Sunday, December 26, 2010

Pakistan suicide bomb kills scores

Attack from what is believed to be first female suicide bomber in country strikes food centre and injures over 100

A female suicide bomber killed at least 45 people today at a food distribution centre near Pakistan's border with Afghanistan, Pakistani officials said.

The attack, believed to be the first suicide bombing by a woman in Pakistan, took place in Bajur, a tribal region where the military has twice declared victory over Taliban and al-Qaida insurgents.

It came a day after some 150 militants killed 11 soldiers in a co-ordinated assault in a neighbouring region where the army has also been tackling insurgents.

The woman wearing a burqa lobbed two hand grenades into the crowd waiting at a checkpoint outside the food aid distribution centre in the town of Khar before detonating her explosives vest, according to local police official Fazal-e-Rabbi Khan.

He said the victims were gathering to collect food tokens distributed by the World Food Programme and other agencies to people displaced by an army offensive against Taliban militants in the region in early 2009.

Local government official Tariq Khan said the blast also wounded more than 100 people, some of them critically. He, and another local official, Sohail Khan, said an examination of the human remains had confirmed the bomber was a woman.

Male suicide bombers often don the burqa as a disguise. In 2007, officials initially claimed Pakistan's first female suicide bomber had killed 14 people in the north-west town of Bannu but the attacker was later identified as a man.

Hasan Askari Rizvi, a Lahore-based security and political analyst, said today's suicide bombing appeared to be the first carried out by a woman in Pakistan.

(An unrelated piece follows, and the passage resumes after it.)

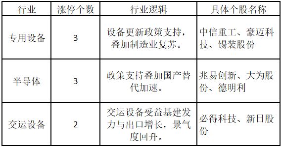 市场整体表现 - 上证指数上涨1.18%,深证成指上涨1.51% [1] - 个股涨跌幅中位数为上涨0.44%,表现弱于主要指数 [1] - 沪深两市不含ST个股涨停50家,较昨日减少7家;跌停5家,较昨日减少2家 [3] 行业与概念板块特征 - 涨停个股中,专用设备、半导体、交运设备行业数量最多,各有3家、3家和2家 [4] - 专用设备行业受设备更新政策支持及制造业复苏推动,代表个股为中信重工、蒙迈科技、锡装股份 [4] - 半导体行业受政策支持及国产替代加速推动,代表个股为兆易创新、大为股份、德明利 [4] - 交运设备行业受益于基建发力与出口增长,代表个股为必得科技、新日股份 [4] - 概念板块中,福建自贸/海西概念、核聚变、国产芯片概念涨停个股最多,各有5家 [5] - 福建自贸/海西概念受政策利好及区域经济活力释放推动,代表个股为厦门钨业、平潭发展等 [5] - 核聚变概念受能源革命预期及政策支持加速产业化进程推动,代表个股为东方银业、安泰科技等 [5] - 核聚变概念受关注,因相关团队致力于在2045年前后建成首个50赫兹百万千瓦级激光聚变电站 [2] 个股强势表现 - 涨停板个股中,有6只股价创出历史新高,包括兆易创新、东方钽业、纽威股份等 [8] - 涨停板个股中,有18只股价创出近一年新高,包括时空科技、厦门钨业、中电港等 [8] - 从连板情况看,首板个股38只,2连板个股6只,3连板及以上个股6只 [9] - 连板数前5的个股为盈新发展(6连板)、世龙实业(5连板)、时空科技(3连板)、平潭发展(3连板)、达华智能(3连板) [11] 资金流向 - 主力资金净流入金额前5的个股为恒宝股份、厦门钨业、兆易创新、安泰科技、景旺电子 [10] - 封板资金前5的个股为盈新发展(5.43亿元)、兆易创新(4.9亿元)、时空科技(4.61亿元)、大为股份(4.01亿元)、平潭发展(2.77亿元) [9][10]
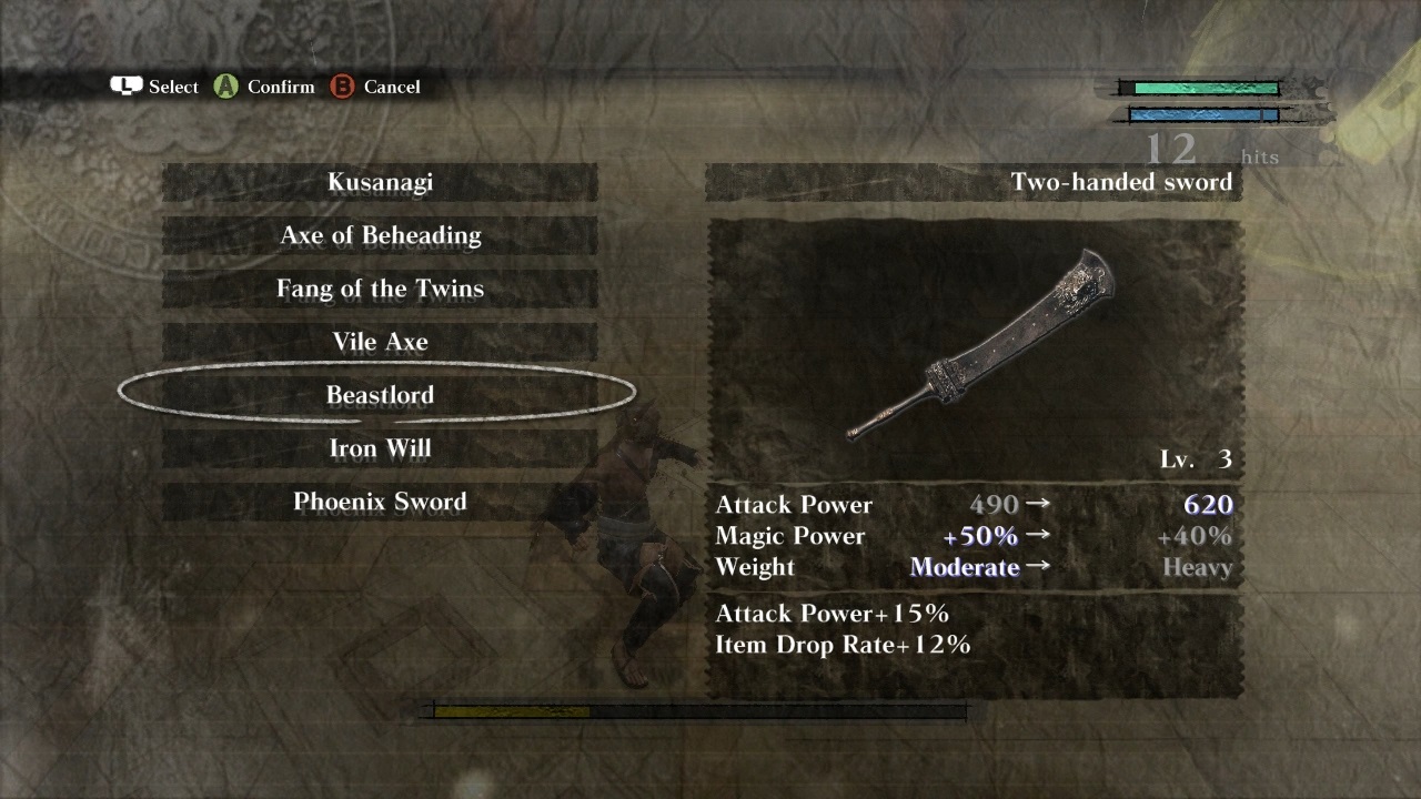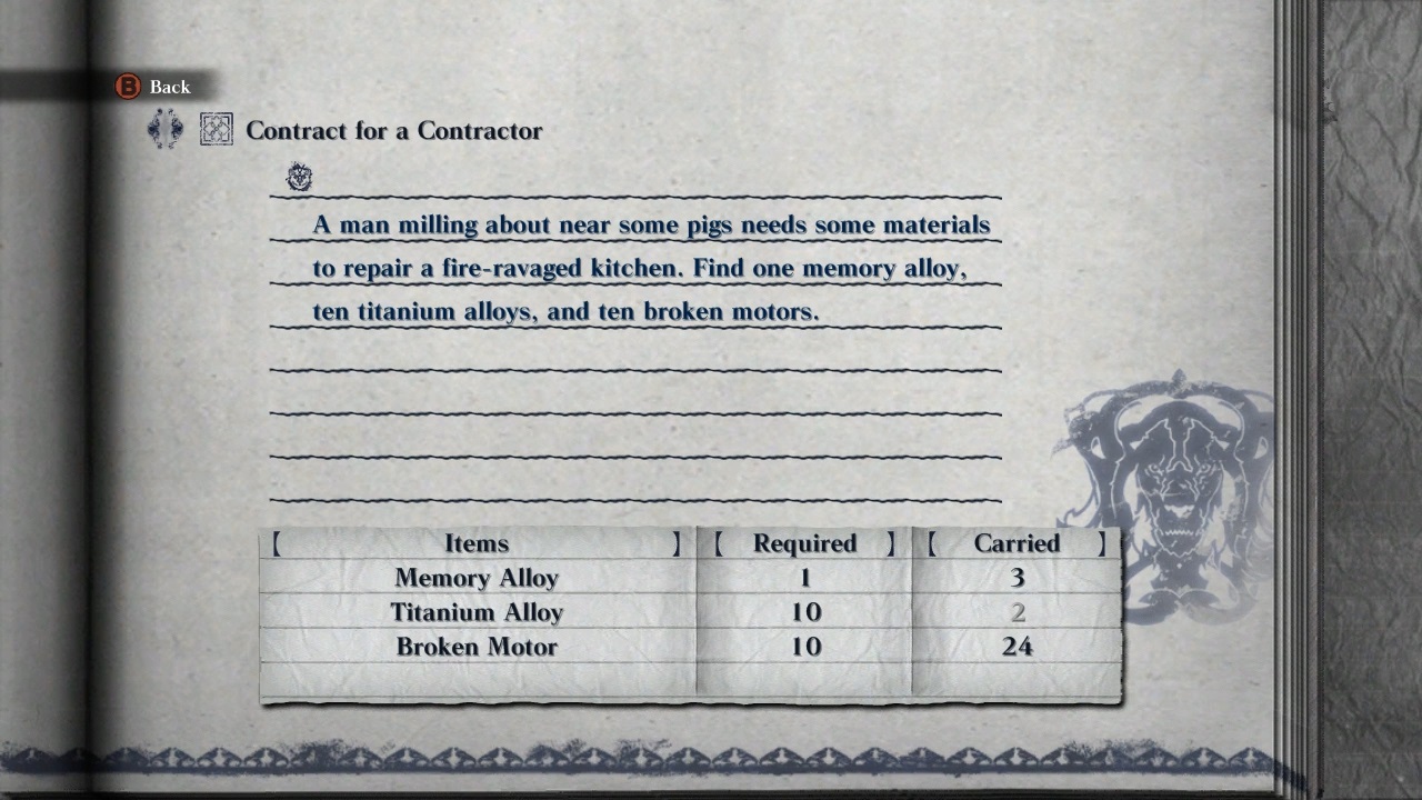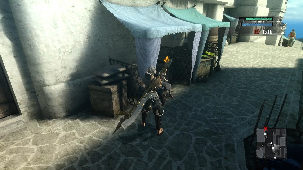 In the first half of the game, Nier is only able to use one-handed swords, but as the game progresses he gains access to the aforementioned two-handers and spears. As is tradition in these games, there are enough weapons in NieR to mount a small-scale armed coup. Most are either bought at blacksmiths or found in dungeons, but a few can only be obtained as sidequest rewards. Most weapons in the game are various degrees of garbage, but you once again need all of them to access the true ending.

"It is no surprise. They can use a woman, a child or whatever," he said. "Human life is not important to them, only the objective they are pursuing."

Akbar Jan, 45, who sustained leg wounds in the bombing, said from his hospital bed that people were lining up for the ration coupons when there was a large explosion.

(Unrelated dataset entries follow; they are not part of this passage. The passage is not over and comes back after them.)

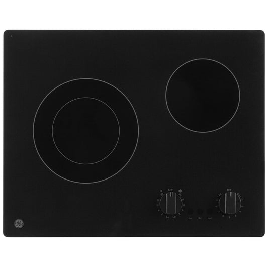 GE JP3021DPBB Electric Cooktop, 21 inch Exterior Width, 2 Burners, 2,500 Watts Highest Burner Element, Black color
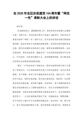 在2025年民政局庆祝建党104周年暨“两优一先”表彰大会上的讲话
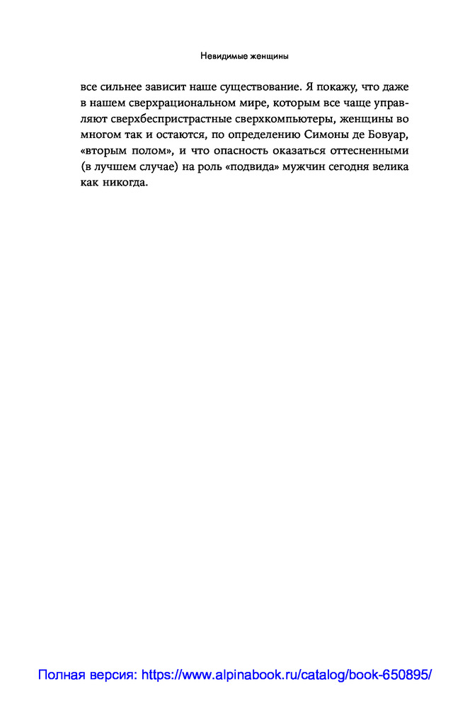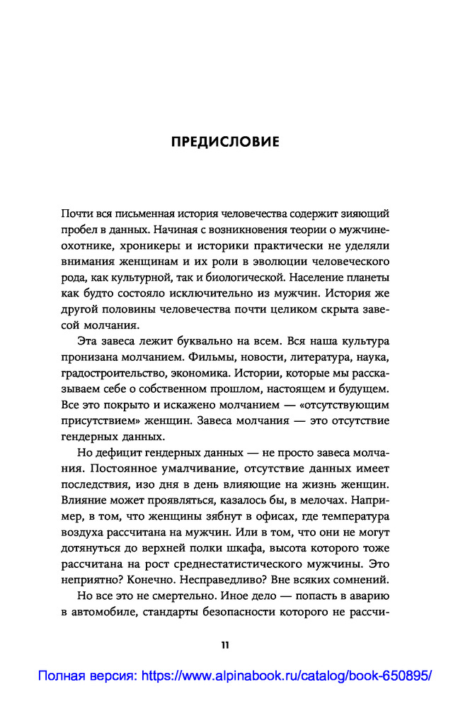 Это книга, которую должна прочитать каждая. Автор с поразительной ясностью показывает, как мир, в котором мы живём — от медицины до городской инфраструктуры — построен по «мужскому шаблону», а женщины в нём часто просто не учитываются.
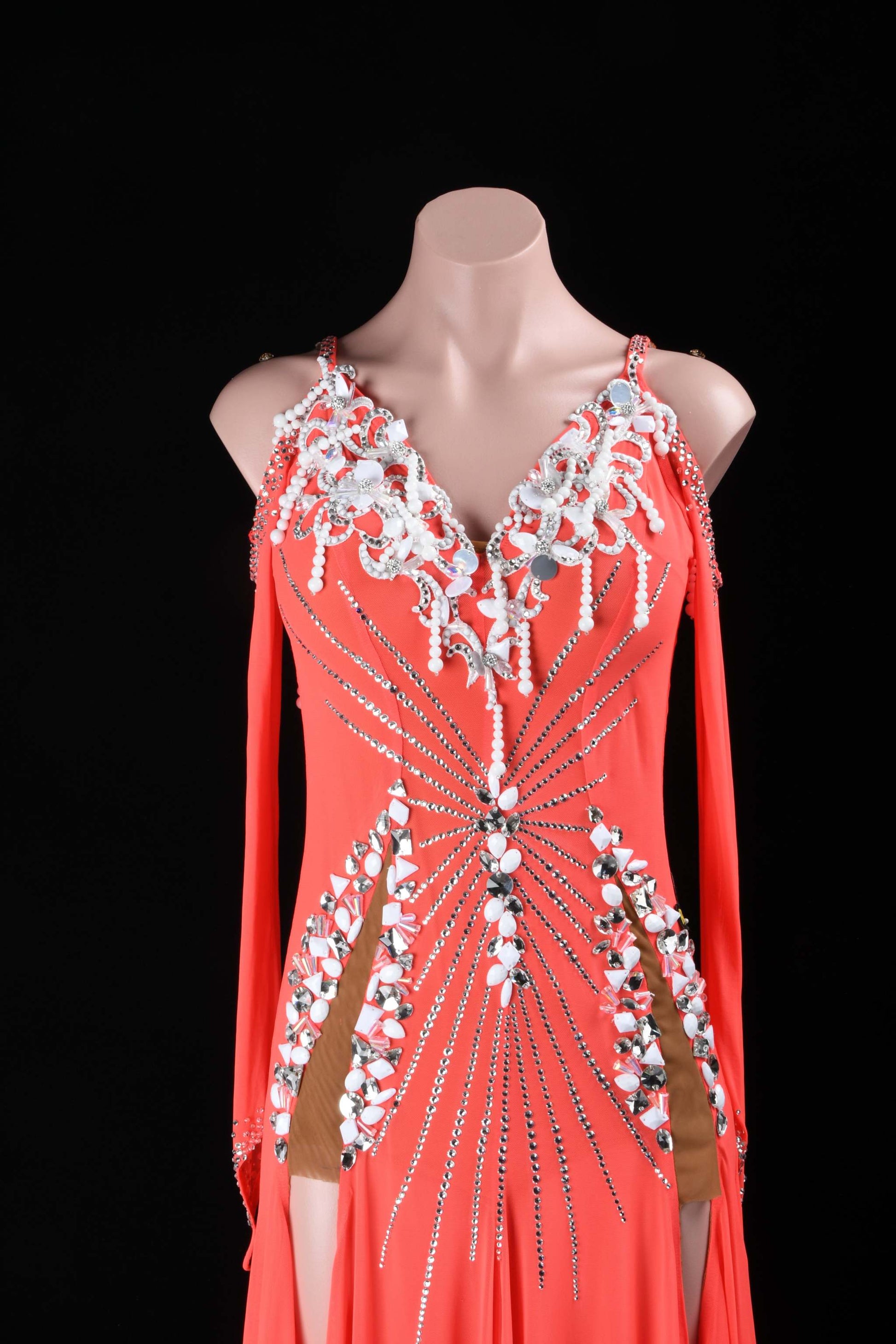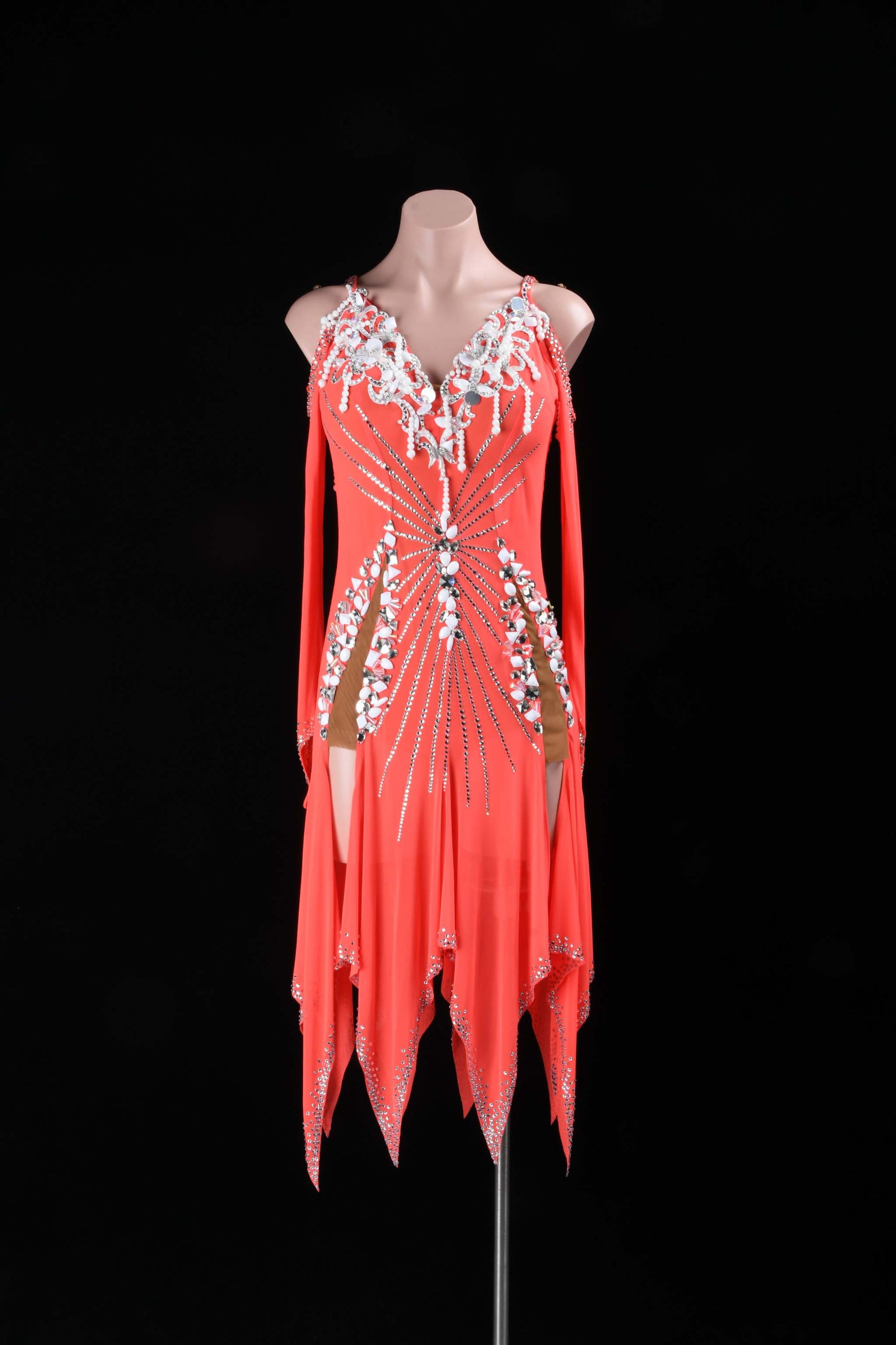 Stand out with this stunning red latin dress, crafted with open shoulders, long sleeves, and shimmering stone details. The asymmetric skirt enhances your every move, making it an excellent choice for dance routines or stage appearances.

"We thought someone had fired a rocket," he told Associated Press. He said within seconds the ground was strewn with the wounded.

"I realised a little later that I myself have suffered wounds," he said. "Everybody was crying. It was blood and human flesh everywhere."

The prime minister, Syed Yousuf Raza Gilani, condemned those behind the bombing and said Pakistanis were "united against them".

Bajur is on the northern tip of Pakistan's semi-autonomous tribal belt, bordering Afghanistan. Along with other parts of the tribal regions it is of major concern to the US because it has been used as a safe havens for militants fighting Nato and US troops across the border in Afghanistan. The US has long pressured Pakistan to clear the tribal belt of the insurgents.

The military first declared victory in Bajur after a six-month operation launched in late 2008. But the army was forced to launch a follow-up operation in late January this year and declared victory again about a month later. Still, violence has persisted in the region.

The army also has taken steps to clear Mohmand, a tribal region next to Bajur that also has witnessed militant activity. But yesterday, around 150 insurgents attacked five security checkpoints in the Baizai area of Mohmand, killing at least 11 soldiers and wounding a dozen more in a show of their ongoing strength.